— Problem —
Where the line containing "2024年5月13日,在哈尔滨工业大学学生创新创业成果展现场,参展团队成员展示一款智能车。新华社记者 王松 摄" appears below, begin there and reproduce each line exactly through the last one, omitting pictures.

— Given material —

---

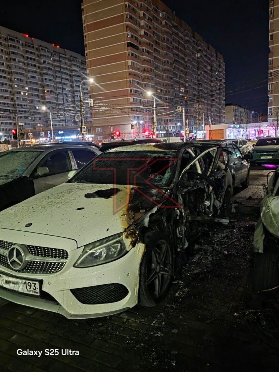 Машина загорелась ночью на Петра Метальникова, 26. Также пострадали автомобили припаркованные рядом.
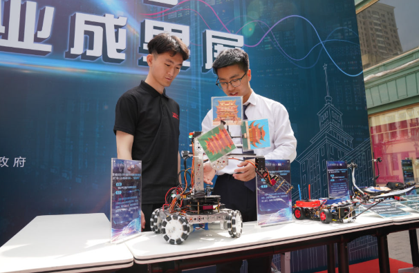 2024年5月13日,在哈尔滨工业大学学生创新创业成果展现场,参展团队成员展示一款智能车。新华社记者 王松 摄
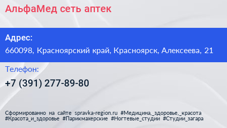 АльфаМед, сеть аптек по адресу 660098, Красноярский край, Красноярск, Алексеева, 21 в дальнейшем Организация, размещена в следующих категориях:

---

— Exercise response —
 2024年5月13日,在哈尔滨工业大学学生创新创业成果展现场,参展团队成员展示一款智能车。新华社记者 王松 摄
 АльфаМед, сеть аптек по адресу 660098, Красноярский край, Красноярск, Алексеева, 21 в дальнейшем Организация, размещена в следующих категориях:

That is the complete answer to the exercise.